For openers, have a reminder of something basic:
Now to the meat of the matter.
I’m an old man. Old men have fears that younger men don’t share. One such fear is of being violently attacked. Therefore, whenever I prepare to leave my home for any reason – the occasions are getting to be fewer and fewer – I arm myself. I have resolved that if anyone should attack me for any reason, I will take his life.
I didn’t think that way even fifteen years ago. But then, matters weren’t nearly this bad fifteen years ago. Remember 2001? Remember the surge of national unity and resolve that followed the 9/11 atrocities? We were a nation then. We aren’t one today.
Today we’re a battleground, and not just with regard to our politics.
The American scene is trending speedily toward violence as a persistent, even dominant feature. Violence is everywhere. It’s been in our schools for decades. It pollutes our urban streets. It’s becoming ever more important in our suburbs. And it’s becoming a key factor in our politics.

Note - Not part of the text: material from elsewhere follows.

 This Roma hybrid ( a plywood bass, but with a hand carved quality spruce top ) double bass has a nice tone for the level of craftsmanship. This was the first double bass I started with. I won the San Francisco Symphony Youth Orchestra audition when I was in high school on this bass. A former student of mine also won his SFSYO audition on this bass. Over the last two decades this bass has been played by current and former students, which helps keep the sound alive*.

The great wonder of the thing is that the homicide rate hasn’t exploded. Considering the frequency and distribution of violent events, I’d have expected many more deaths. After all, we’re a heavily armed country. A lot of people “carry” regularly. You’d think those weapons would be used at a frequency proportional to that of other violent encounters. So far that hasn’t happened, except in places like Chicago. But I don’t dare to forecast the continuation of that condition. It could change all too swiftly and easily.

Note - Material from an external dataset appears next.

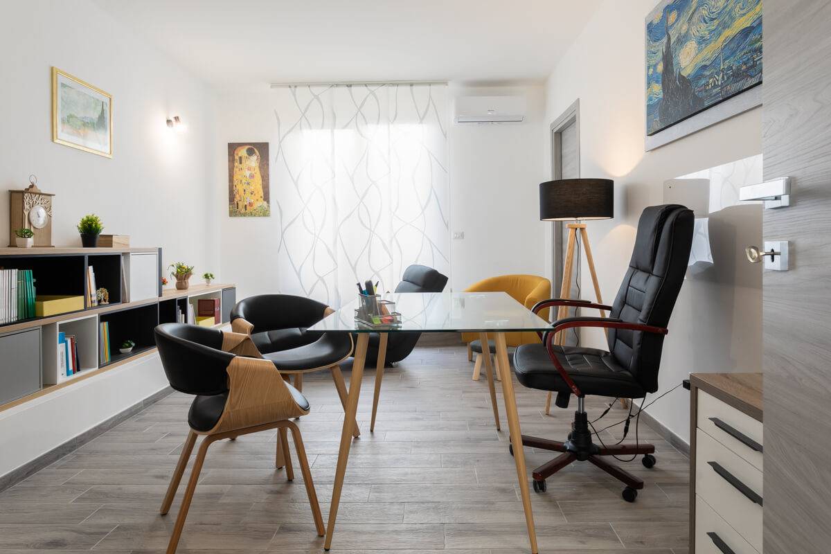 L'ufficio è disposto su due livelli e si presa al ricevimento pubblico (bar, tabaccheria o altre attività commerciali), composto da ingresso con ampio disimpegno e sala d'aspetto, seconda sala con bagno e cucinino/ripostiglio; al piano interrato magazzino di 28 mq ideale anche per realizzare sala riunioni.

Violence is increasing because it gets the violent ones what they want. Remember what I said in large font at the outset: A tactic that succeeds will be repeated, intensified, and emulated. Violence is apparently working for those who employ it. That is, its practitioners’ gains outweigh its costs and risks.
Violence didn’t always succeed. Sixty years ago, it was common for an assault that took place before onlookers to be answered by counter-violence and the placement of the attacker in a jail cell: not always, but often enough, and with consequences severe enough, to hold occasions of violence to a socially endurable level. For various reasons that is no longer the case, while the prospective gains from violence remain what they were.
Violence works whenever it’s not met by a swift defense and appropriate retribution. It worked for Lenin’s Bolsheviks and Hitler’s Brown Shirts. The lesson is not lost on those who mastermind American politics.
Though violence of various kinds has increased dramatically in frequency and intensity, its practitioners are a small minority of the American people. Therefore, they can be faced down, deterred when possible and punished when deterrence fails. But this is not happening, at least not frequently enough to preserve a suitable degree of public peace. Why not?
There are several reasons. The most important ones:
- A reluctance to risk pain and injury;
- Fear that the authorities will “take the wrong side;”
- The demonization of masculine initiative and courage;
- A quasi-philosophical disinclination to “descend to that level.”
All of these influences matter, apparently more today than ever before in our nation’s history. And not one of them is somehow refutable. Pain hurts; injuries incur medical bills. The cops get a violent encounter wrong rather frequently; sometimes the defender is penalized along with the attacker as a matter of official policy. Notions about “toxic masculinity” and “testosterone poisoning” are being trumpeted at us from every direction. And of course, there’s this foolish prevalent notion in circulation that “a gentleman doesn’t do that,” whereas it’s not that long ago that one who refrained from intervening to save a victim from his attacker would be classed as “no gentleman at all.”
So attackers are reaping the rewards they seek far more frequently than before...perhaps more often than not. And most ominously, it appears that violence, especially vandalism, has become a principal factor in our politics.
The bullies are taking our country from us.
Hearken to John Hinderaker of PowerLine:
It is widely understood that the Left wants to impose censorship on the rest of us, and where it can, it will. The experience of conservative speakers on university campuses is the most obvious proof. But the truth, I think, is worse: it isn’t just censorship. The Left wants to bully disagreement out of existence.
Indeed it is “widely understood.” But the understanding has not triggered the proper reaction, with the consequence that the Left’s politically oriented violence is inspiring much other violence for other, less abstract reasons: gain; the sense of personal superiority; racial or ethnic hatreds; and so forth.
Hinderaker’s piece, which surveys the tide of political violence and intimidation sweeping over Europe and the milquetoast reactions to it to this point, closes on an upbeat note:
Here in the U.S., we are witnessing a populist revolt against bullying liberalism, but what we are seeing here is mild, I suspect, compared with what is in store in Europe. And, of course, when all dissent on what millions see as the most vital issues of the day is barred as “far right,” it is inevitable that unsavory elements will be part of the populist uprising. Having sown the wind, Europe’s Left will, in all likelihood, reap the whirlwind. If the consequences are not to its liking, it has no one to blame but itself.
Note the foreboding yet darkly optimistic feel of the above: in effect, it says “they’ll get what’s coming to them.” Will the near future justify it? Or will those personally inclined toward violence come to “outgun” those who prefer peace and order and are willing to accept personal risk to get and keep it?
As with all else, we shall see. But I’m finding it difficult to be optimistic. How much optimism do you feel?